Zell Music Director Riccardo Muti escorts Irina Shostakovich, widow of composer Dmitri Shostakovich, off the stage in Orchestra Hall after their post-concert conversation following the CSO’s performance of Shostakovich’s Symphony No. 13 (Babi Yar), Sept. 21,2018.| © Todd Rosenberg Photography 2018
The CSO’s performance, with bass Alexey Tikhomirov and the men of the Chicago Symphony Chorus, revealed Muti’s continuing devotion to Shostakovich’s often-shattering music. Especially in the first three poems, “Babi Yar,” “Humor” and “In the Store,” Muti and his musicians found the perfect balance of oppressive menace, shrieking outrage, and deep melancholy that makes Shostakovich’s music so intensely human. Tikhomirov’s voice doesn’t have the dark, sepulchral color so typical of Russian basses, but its lighter texture brought a conversational quality to his Russian-language, long-lined melodies. In Yevtushenko’s images of a haunted ravine, weary women waiting in an endless food line and the antic figure, humor, Tikhomirov was a spell-binding storyteller.
Throughout the opening movement, the steady, slow tread of the male chorus singing in unison was an ominous presence. As they led us through Babi’s Yar’s desolate ravines, a single chime rang like a funeral bell above the unmarked burial ground. At times, the orchestra exploded with brutal, puffing brass and taunting, galumphing woodwinds, vivid illustrations of Yevtushenko’s images of Jews encircled by threatening crowds.
In the third movement, “In the Store,” the atmosphere was quieter. As Tikhomirov described exhausted women lining up for food, Shostakovich’s restless music often settled into the simple cadences of a hymn, a song of praise for Russian women “their families’ guardian angels.”
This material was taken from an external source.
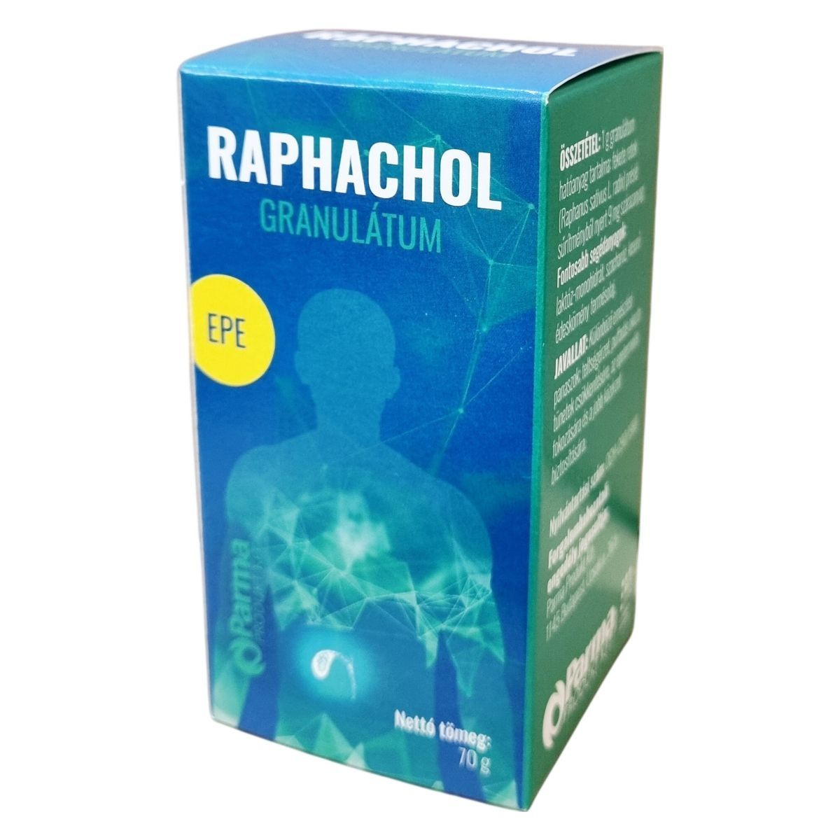 A RAPHACHOL granulátum egy gyógyszernek nem minősülő gyógyhatású készítmény, amelynek hatását népgyógyászati és szakirodalmi adatok igazolják. A termék egy 70 grammos granulátum, amely fekete retek préslé sűrítményéből nyert hatóanyagot tartalmaz, valamint olyan segédanyagokat, mint laktóz-monohidrát, szacharóz és keserű édeskömény termésolaj. A készítményt különféle emésztési panaszok, köztük teltségérzet és puffadás esetén, valamint az epetermelés fokozására és a jobb közérzet elősegítésére ajánlják. Az adagolás felnőttek és gyermekek számára is ajánlott, és javasolt főétkezések után bevenni megfelelő mennyiségű folyadékkal. A termék tárolása a 25 °C alatti hőmérsékletet igényli, és fontos, hogy gyermekek elől elzárva legyen.

The final movement, “A Career,” was not as strong. Reading the program book’s English translation, Yevtushenko’s denunciation of “careerists” sounded dated. By the close of the nearly hour-long symphony, Shostakovich’s music had become predictable.
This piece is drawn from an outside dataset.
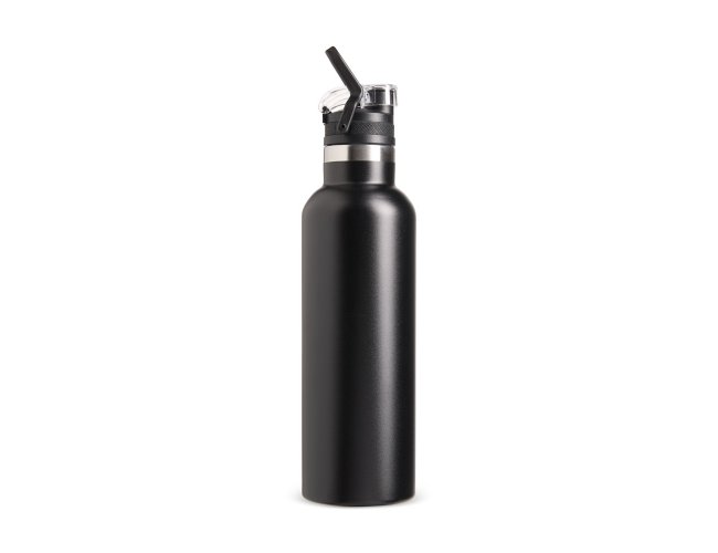Garrafa térmica em inox 304 com capacidade de até 800ml. Possui estrutura de parede dupla e vedação a vácuo, permitindo conservar a temperatura de bebidas por mais tempo. Apresenta uma tampa rosqueável em plástico com protetor para o bocal e trava de segurança integrada à alça.

The concert opened with more sprightly fare, Sinfonietta by Prokofiev, composed in 1909 and revised twice by 1929. With its amiable, ambling rhythms, the first movement was full of good cheer, abetted by zesty woodwinds. The second movement was a dreamy nocturne, with the whispers of the CSO’s low strings creating a restless, ever-shifting fog. It was a fitting prelude to the sorrows of “Babi Yar,” a reminder of how peaceful and beautiful life can be.
In remarks before the Shostakovich symphony, Muti called “Babi Yar” “a deep warning document for us and future generations. Every form of dictatorship,” he said, “should be banned. It’s about time that we find peace in this tragic world.”
After the concert, Irina Shostakovich sat onstage with Muti. She and the conductor are friends; after Shostakovich’s death she gave Muti the tape of his 1970 “Babi Yar” performance that her husband had cherished.
Speaking through a translator, she answered a question about Yevtushenko’s dubious optimism at the end of his poem, “Fear,” the symphony’s fourth movement. Did Shostakovich really think that fear was dying in Russia in 1962? Speaking through a translator, she responded that fear exists in every country, in every society. Perhaps the symphony, she said, can give listeners “courage to fight the fear.”
At its best, the CSO’s “Babi Yar” was a somber call for courage.